Джейн, раскрасневшаяся после тенниса, улыбнулась мне, проливая бальзам на мои раны. Она тоже закрыла голову руками, и от ее голых плеч у меня подскочил пульс — и некоторые части тела. Джейн всегда была широкой кости и немножко рыхловатой, но в последние полгода она упорно посещала занятия по аэробике во время обеденного перерыва. В результате она постройнела, и там, где раньше была дряблость, появилась упругость. Ее гладкие бедра, открытые теннисными шортами, пробудили у меня интерес к сексу. На самом деле «хороший секс» стоял в колонке с плюсами, хотя в колонке минусов его уравновешивала строка «давно не занимались сексом». С третьей стороны, пока под ногами вертелся Алекс, ни о чем таком нельзя было и думать.

И все-таки нет ада без надежды. Я пошел в гараж за шлемами, которые мы надевали в тех редких случаях, когда решали покататься на велосипедах, и скоро мы уже ели бутерброды с тунцом, готовые к воздушной тревоге. На шлеме Алекса красовался желтый переводной покемон, который вскоре оказался заляпан майонезом. Джейн наклонила голову, чтобы откусить бутерброд, и ее ярко-розовый шлем несильно столкнулся с моим. Дружная, счастливая семья, совсем как Дисальва, да?

— Как прошла тренировка? — спросил я Алекса. Он пожал плечами. Но отцы умеют проявить настойчивость. — Удалось тебе поманипулировать мячом?

— Это футбол — там мячом не манипулируют.

Джейн подавила улыбку. Я не мог удержаться и парировал:

— Манипулируют, если стоишь в воротах или делаешь штрафной бросок.

— Ну да… — Он признал поражение тем, что отвернулся. И стукнул по ножке стола, зная, что меня это бесит.

— Знаешь, мне не нужны какие-то сенсационные подробности…

— Что значит «сенсационные»?

Джейн подавила еще одну улыбку:

— Это значит что-то поразительное или ужасное, малыш.

— А. — Губы Алекса беззвучно шевельнулись, пробуя слово на вкус. — А футбол может быть сенсационным?

Я вмешался:

— Бывает и такое. В общем, не важно. А ты можешь поставить ему оценку от одного до десяти?

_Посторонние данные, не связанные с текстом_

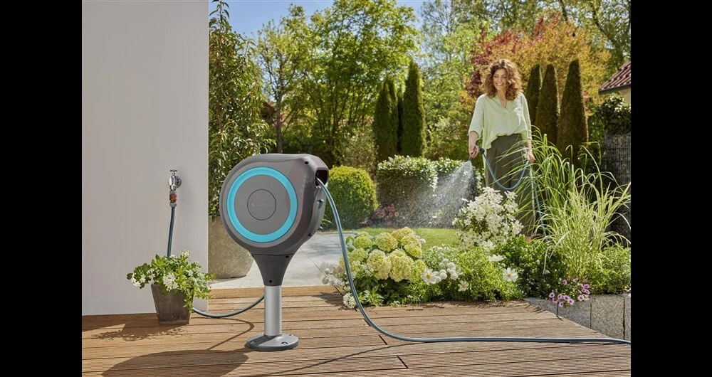 Zwijak do węża GARDENA RollUp M z funkcją automatycznego zwijania do montażu bezpośrednio na tarasie to idealne rozwiązanie do przechowywania węża do podlewania ogrodów średniej wielkości.

— Хм. Четыре целых семьдесят пять сотых. Потому что до 5 он не дотягивает. — Он недавно открыл для себя десятичные дроби и теперь использовал их где ни попадя, в том числе когда говорил о времени: «Уже 7,5 часа, пора вставать, папа». Смышленый, надоедливый ребенок, совершенно как я в его возрасте, так что не пожалуешься. Он определенно значился у меня в столбике плюсов, хотя то, что из-за него мы постоянно собачились с Джейн, пошло в минус. Как повлияет на него мой уход? Он опять откусил бутерброд, и я обратился к своей спутнице жизни:

— А как прошел теннис?

Время поровну, слова поровну.

— Ну, я думаю, потянет на девяточку. Мы с Уайлин разгромили Фрэнсес и Мэвис.

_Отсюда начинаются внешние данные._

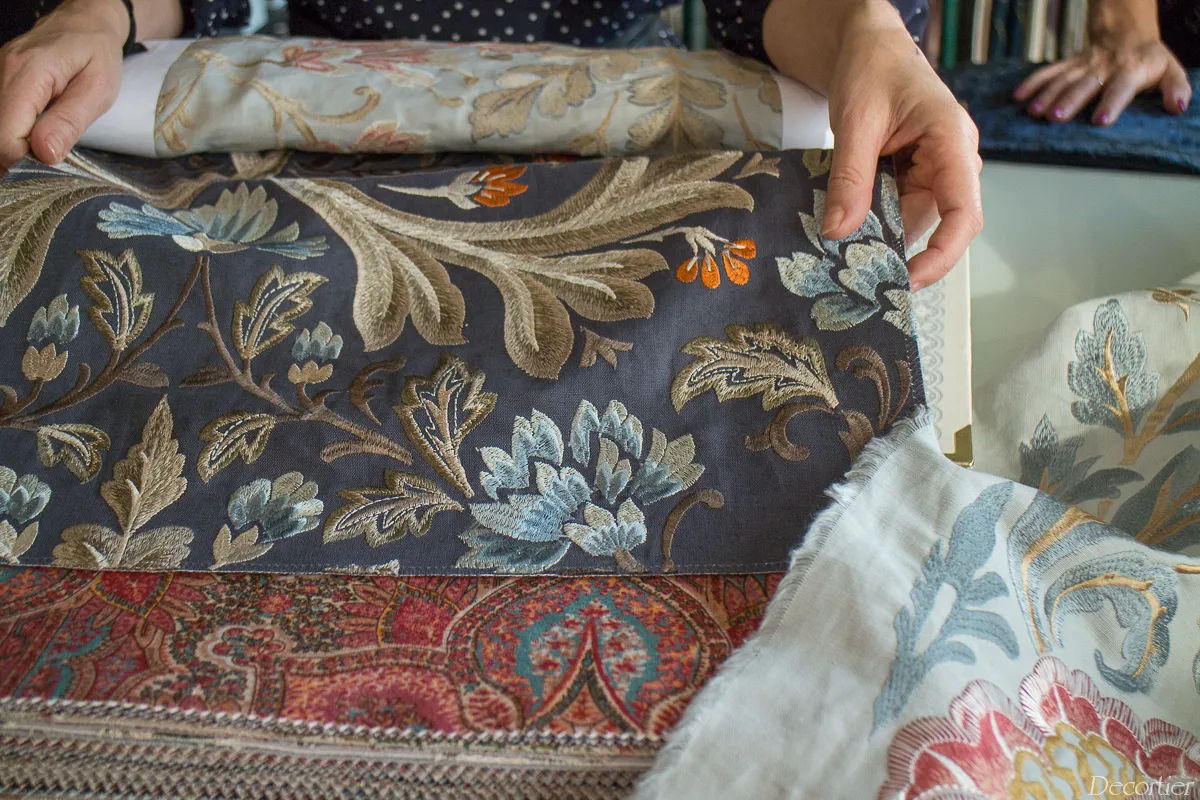 В осенней коллекции Colefax&Fowler присутствует огромное количество великолепных вышивок. Много трендовых оттенков охры и синего.

— Хм. А им удалось по манипулировать мячом?

У Джейн прелестная улыбка, если она не выдавливает ее через силу. А Алекс сидел с набитым ртом и не стал уточнять, что по мячу главным образом бьют ракетками, а не руками. Вместо этого Джейн рассказала о недостатках противников, в том числе о том, что невозможно играть у сетки, когда подает Фрэнсес. Все они дружили между собой, а не просто ходили вместе на теннис. Фрэнсес адвокат, Мэвис художник по керамике, а Уайлин хозяйка независимого книжного магазина «Между строк». Мы были знакомы с их мужьями, правда, только с двумя, потому что Уайлин воспитывала ребенка одна. А теннисом они занимались, чтобы расслабиться. Но это сенсация — по крайней мере, нечто поразительное, — насколько Джейн увлеклась теннисом. Я часто чувствовал себя брошенным, эту проблему тоже нужно как-то решать. Внесем ее в список.

После бутербродов я разрезал яблоко и вырезал для Алекса смешную волнистую фигурку, чтобы он ее съел.

— Это толстая змея, — сказал я.

— Фу, ненавижу змей.

— Ладно, тогда это зигзаговая яблочная конфета.

— Правда?

Он быстро слопал яблоко в три приема. Джейн повертела свой кусок и оставила половину на тарелке. Она не особенно любила фрукты и ела их только для того, чтобы сделать приятное мне. Если б она была Адамом в Эдемском саду, соблазнить ее было бы трудновато.

Скоро Джейн поднялась наверх, чтобы принять душ, а мы с Алексом пошли к нему в комнату, чтобы сыграть в «Уникам» — новую игрушку с инопланетными шпионскими кораблями. Посуду я решил убрать попозже. Через несколько минут мы уже пытались перехватить три стыковочных узла с планеты Денеб-3.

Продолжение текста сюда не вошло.